The exact level of detail is determined by how 'complete' your books are supposed to be. A book expense might not mean much to Alice LLC (which does not deal in book sales/purchases), but a laptop should (see more on the subject of fixed asset registries), or a large invoice from a business from a different country (which will require a lot more diligence with tax 'metadata').
On the other hand, the bookstore definitely cares more about books and will then consider the sale and replenishment of its book inventory, and once again introduce more meta-accounting data (see more on the subject of management/manufacturing accounting).
The company's accountant may care about balances and reconciling them back to things like the existence of said book, a receipt for payment or a bank transaction indicating settlement happened. At a big enough company, the accounts payables nerds may come along and be focused on making sure the full process procuring and paying has happened correctly, including record-keeping, tax compliance, and the actual movement of funds.
When you start to scale how all of these processes are executed and recorded, it's dense enough that it still surprises me many years later.
I don't bother keeping my ledger immutable, though. The point about immutability is that whatever happened is immutable (because it's in the past; it already happened!) and the ledger should just reflect that. So if I somehow made a mistake in my ledger I just correct it. I keep my ledger in git so that does record changes to the ledger itself, but I rarely, if ever, need to access these.
Can you share more on the system you've come up with? In what format do you store the data? Do you store files per account, or per day, etc.? Do you have a CLI helper to quickly read, write, edit the files? Maybe you can even share a demo repo?
I believe this same plain text format is used by other tools, which you can find info about here: https://plaintextaccounting.org/ (In particular a lot of people seem to use hledger and beancount)
The ledger is written using a text editor. The purpose of the software is to add everything up, calculate the balances and make sure everything balances. I keep all of my 12 years of accounting in one file and haven't noticed any slowdown. But a real business would surely have many more accounts and may want to split files by financial year or something.
I use helper scripts to convert the data from my bank CSV downloads into ledger format. It uses machine learning to associate payees to accounts (e.g. "Tesco" gets filed to the account "Expenses:Groceries").

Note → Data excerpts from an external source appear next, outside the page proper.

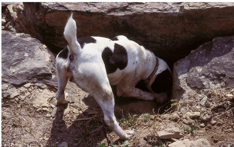
The Jack Russell Terrier is first and foremost a hunting dog, developed to hunt quarry underground.

The breed was not meant to harm the quarry he encounters. Still, JRTs do have different styles of work. Some are "hard" and engage their quarry with intent to inflict harm, while some are "soft" and bay at or dislodge their quarry with their intense presence. All JRTs, however, should have the attitude, grit, and tenacity to confront larger and more formidable animals below ground. A very intelligent and cooperative Jack Russell may sometimes be called out of the den by the handler, but don't count on it!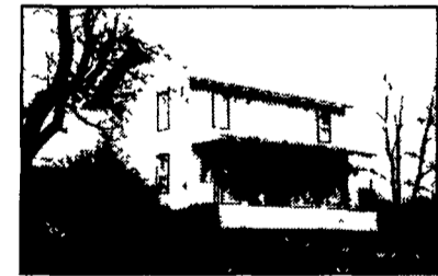
Anna G. Fitzwater Home

Auction to be held on site Sunday, April 21, 2002 at 2 PM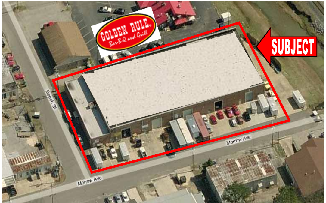
Proforma Income and Expense (contact agent for current numbers)

Ponder Properties Commercial Real Estate 850 Corporate Parkway Suite 106 Birmingham, AL 35242 Phone: 205.408.9911 www.ponderproperties.com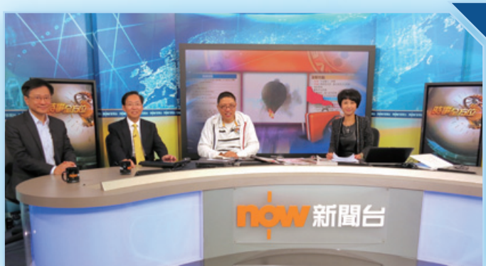
At an Interview by the Now News at "New Magazine" on Issues Related to Travel Insurance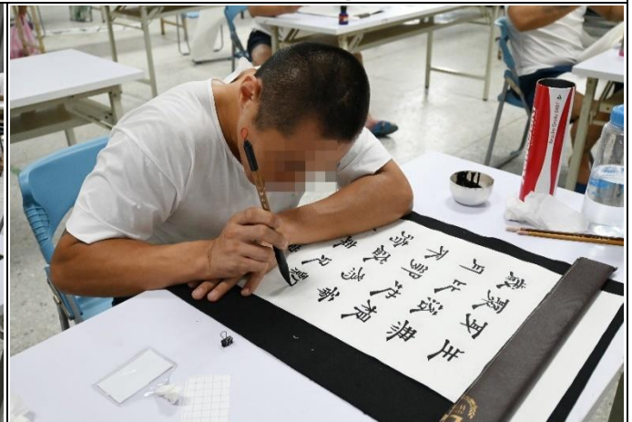
A scene of the event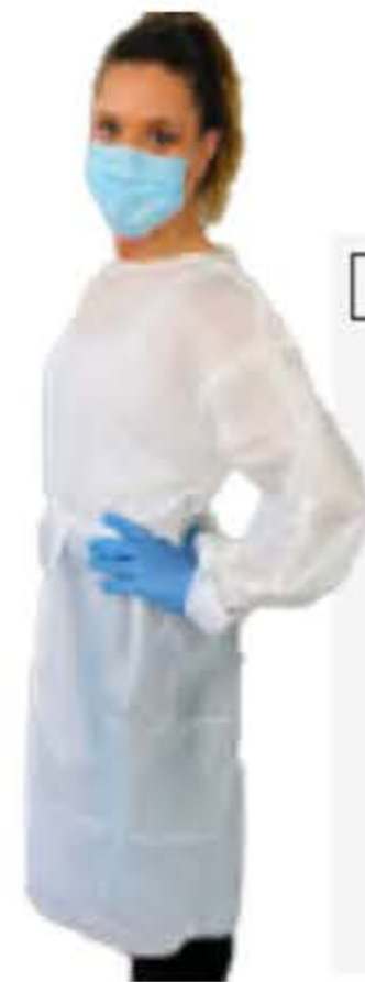
PERSONAL PROTECTIVE EQUIPMENT – PPE KIT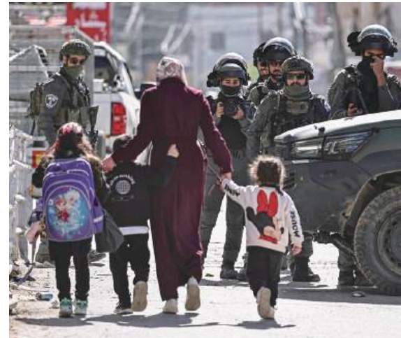
Commuters walk past members of Israeli security forces during a military raid in the neighbourhood of Kafr Aqab near Ramallah, in the Israeli-occupied West Bank, yesterday. Violence in the West Bank, which Israel has occupied since 1967, has soared since the Hamas attack on Israel triggered the Gaza war in October 2023.

RAMALLAH, Palestinian Territories – Voter registration closed across the West Bank on Sunday ahead of municipal elections on April 25, when Palestinians will cast ballots to elect 420 local councils, a rare democratic exercise in the Israeli-occupied territory.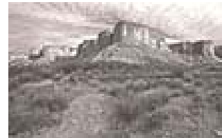
Green River Canyon Bluffs By Fred Crowle (b/w print)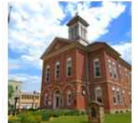
Braxton County Courthouse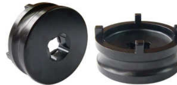
22. 40,5mm intern, 4 pins, € 22,95 Honda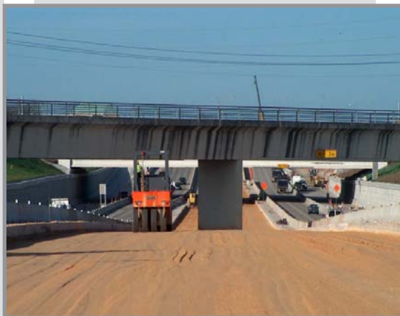
Flex Base Placement on the SH 45/RM 620 Collector-Distributor Near Parmer Lane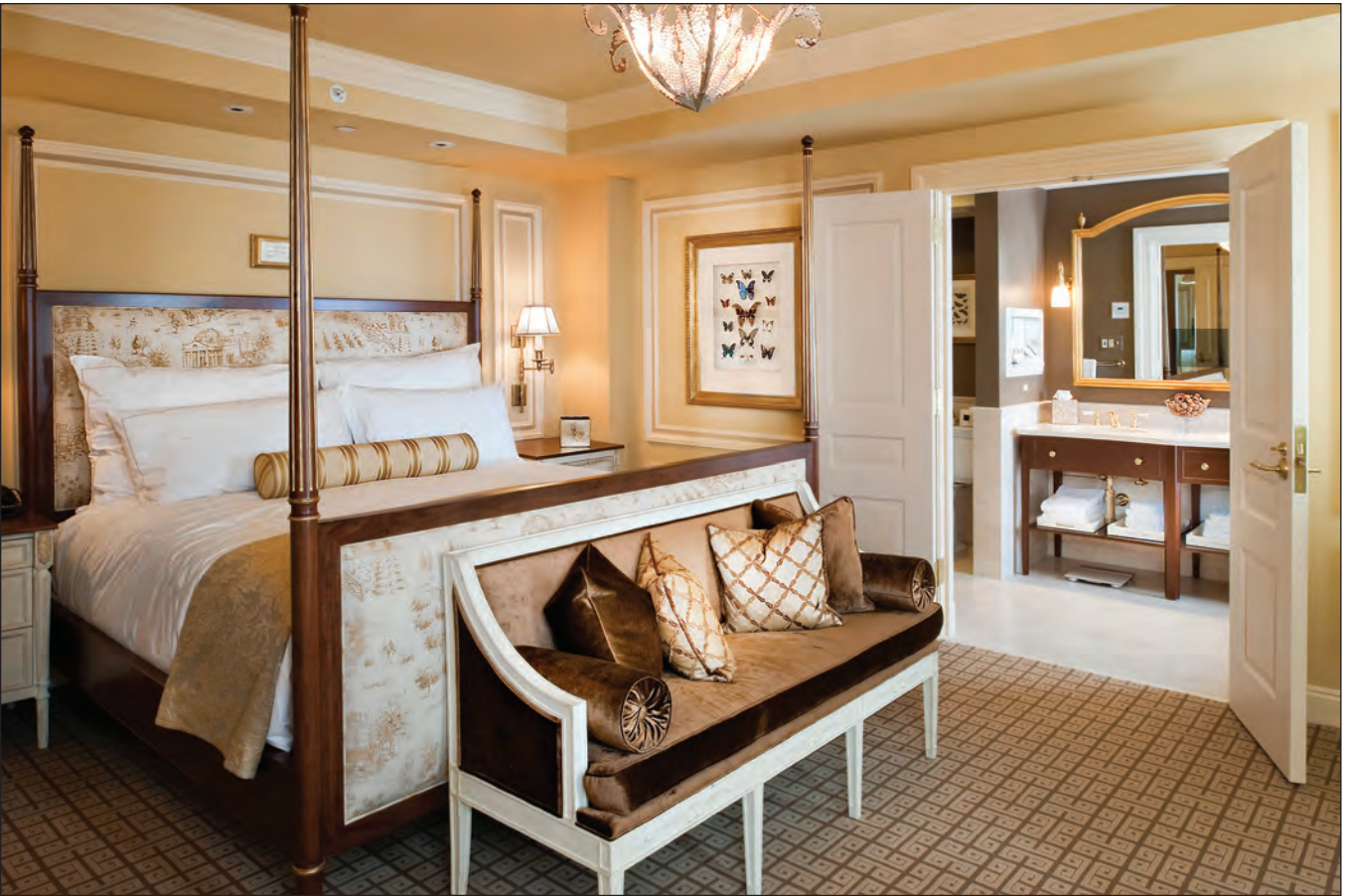
▲ UNDERSTATED ELEGANCE AND COMFORT are a hallmark of the guest rooms.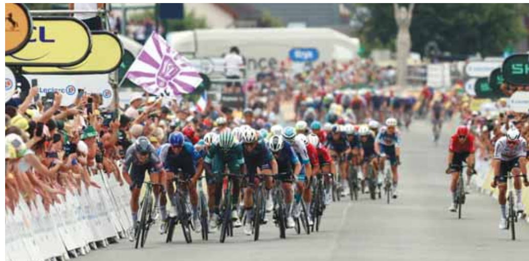
Alpein-Deceuninck's Jasper Philipsen in action with riders before crossing the finish line to win stage 10 of the 111th Tour de France from Orleans to Saint-Amand-Montrond - Orleans, France, yesterday.

"It was maybe a mental rest day," Philipsen said apologeti-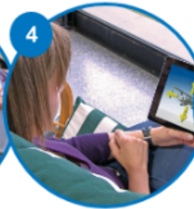
Sporty's Learn to Fly Course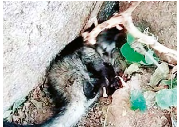
Six Common Palm Civets dead at Nandankanan.

Veterinary failure and lack of resources due to lockdowns will lead to many such unnatural deaths and the present and future pandemics is proving that the zoo business is unsustainable and financially unviable, in the current scenario and in the foreseeable future.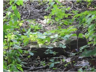
Partial gravestone

Michael, Charity, and Jacob Hess's gravestones are carefully preserved in the non-functional fireplace in the Fireside Room of the Church. In August 2017 the pieces were sorted and the gravestones were assembled and photographed. Charts were made showing the layouts of the pieces and the pieces were labelled on the charts and on the backs of the pieces to facilitate future reassembly. The pieces were then placed back in the fireplace, with individual gravestones being separated by cardboard. The charts will be placed on top of the gravestones. The eventual plan is to secure the gravestones behind a door enclosing the opening of the fireplace.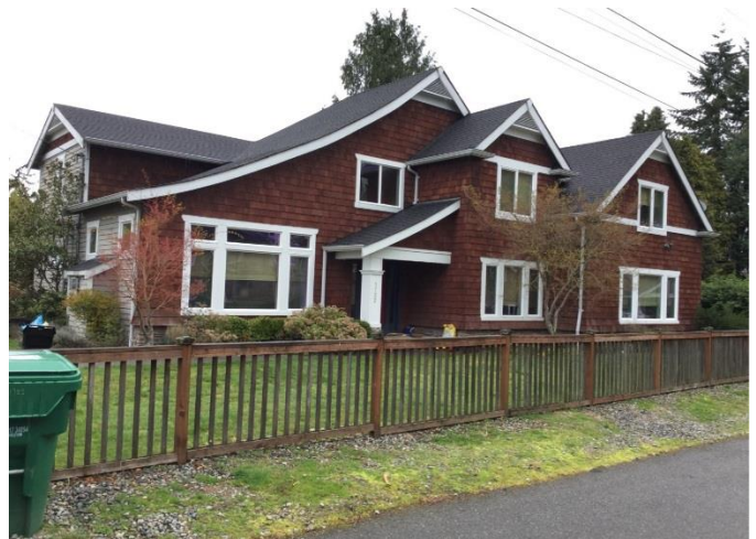
Grade 10/ Year Built 2001/ Total Living Area 3,770 sf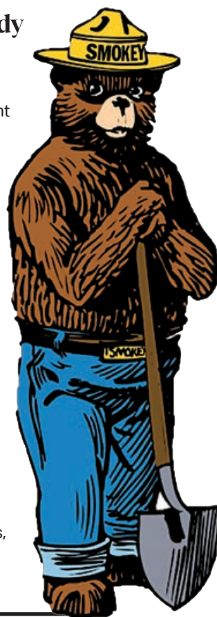
SMOKEY BEAR: COURTESY NATIONAL ASSOCIATION OF STATE FORESTERS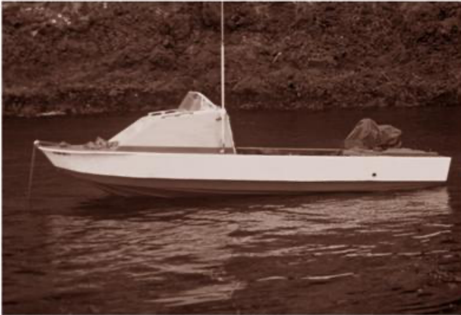
RADON 24 1972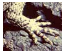
lizard front foot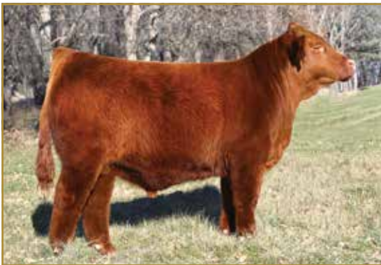
Royal Jester RBGL 103J | Full sib to Lot 19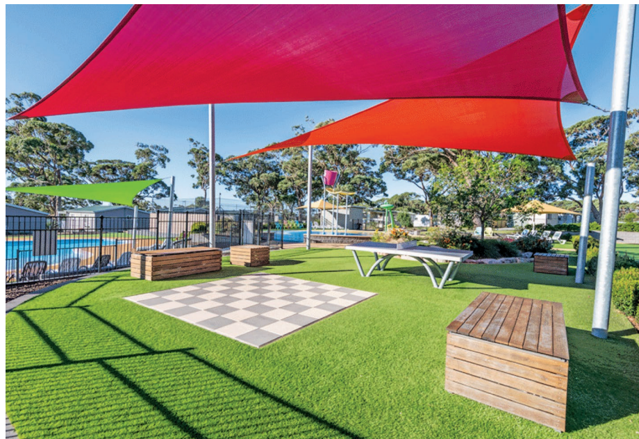
ABOVE TO BELOW Holiday Haven is a wonderland for kids; A splash pad, pool, two playgrounds, a jumping pillow, mini golf, and bowling await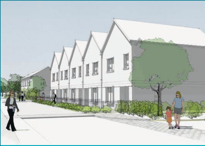
Illustrative view showing new homes with route to park/Clarendon Road.

Since holding the first public consultation in January, Sempra Homes has now developed detailed proposals for new homes on land at Tyefields.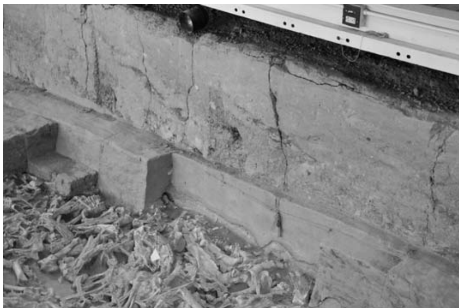
Figure 6 Desiccation cracking of fill soils inside the structure at the Hudson Meng bison kill, Sioux County, Nebraska. Note that desiccation cracking affects the recent fill soils that cover early deposits, but do not affect the early Holocene bone-bearing level.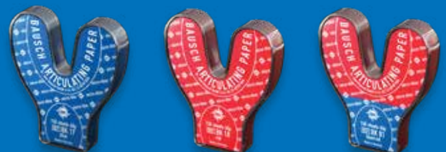
BK17, BK18, & BK81 150 Sheets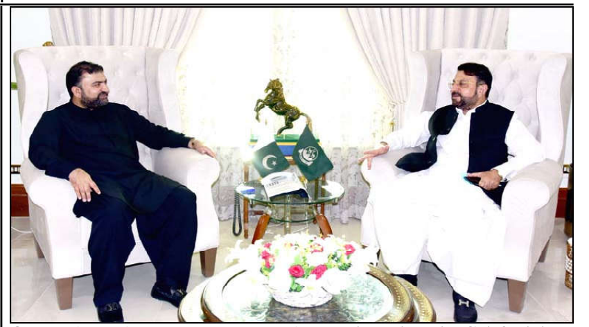
QUETTA: MPA Engr. Zamrak Khan Achakzai meeting with Chief Minister Balochistan Mir Sarfraz Ahmed Bugti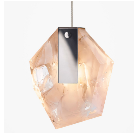
Shown in anthracite / white fragmentglass

COLOR RENDERING . . . . . 90 CRI LAMP COLOR . . . . . 2700K LUMENS/WATT . . . . . 91.67 LUMINOUS FLUX . . . . . 110 lumens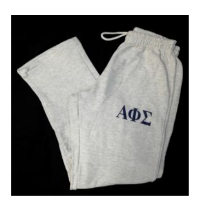
Straight leg sweat pants. Heather gray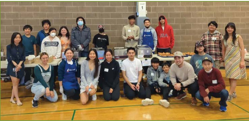
The Blaine Youth Group served a delicious Easter Breakfast consisting of eggs, fruit, pancakes, and sausages in support of Blaine's Camping Ministries.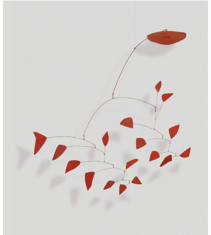
Alexander CALDER, Red Sumac , 1972. Sheet metal, wire, and paint, 114.3 × 170.2 × 33 cm | 45 × 67 × 13 inch, Unique. © Alexander Calder / ADAGP, Paris 2022.

I haven't maintained the ML part although it works for me most of the time. In case it's useful, the code is here: https://github.com/georgek/accounts/
I can't really think of a case where I have made a mistake, but if, for example, I sold something to a friend I would debit (+) their "reimbursement" account with the amount they owe me. If I typoed that to 10x the amount, I would just go and correct the typo, I wouldn't make two new entries to revert then correct the mistake.
I think double-entry bookkeeping is, at least to me, as fundamental to economics (and of course business) as logic to math. Even if some actors don't use it explicitly, it still holds. If I buy ten apples for 10 bucks, I have ten more apples in stock and ten bucks less.
Many economic discussions (not only on HN) get out of hands because people don't try to see the full picture or deliberately choose to see one side. I've even seen a professor of economics claim in public that the world is too much in debt. Well, double-entry bookkeeping tells you that there are always two sides to consider.
For example, in case of governmental debt they ignore the other side of that debt, which might be assets. Assets like airports, schools, bridges, etc. Usually, we call such things useful.
Another typical example is the central bank "prints money". Well, double-entry bookkeeping tells us that it's not possible. If they hand out currency, the counterpart needs to trade something in (typically repurchase agreements with commercial banks). (Leaving aside here the idea of helicopter money, which could even go into neg. equity or a loss.)
It isn't as strict in that it allows for assets to alter in value, for profits or losses to be made. But it does keep track of the way that money and "value" circulates in different forms, e.g. as cash, assets, debts, depreciation, etc.
The "double entry" keeps track of the transformation of the nature of "value". This is hard to do using a simple household-style "cash-in" and "cash-out" set of accounts.
But here I'd caution against the idea that banks (not even central) cannot increase money supply because that's not really true. If a Bank is the backer of both sides of loans or engage in fractional reserve banks (i.e all banks), they can effectively increase money supply which in my opinion is equal to printing money. Especially since in the loan case, the loan is not necessarily a guaranteed asset (think cars in a crash). This effect is called the money multiplier effect via fractional reserve banking. https://www.youtube.com/watch?v=93_Va7I7Lgg
The multiplier is more of ceiling to the amplification rather than it actually happening on loans. None of this necessarily bad loans and investment are really important to other parts of economics but none of it is simple and non of it is stable in the traditional sense
[0] http://collegecatalog.uchicago.edu/thecollege/economics/#Fun...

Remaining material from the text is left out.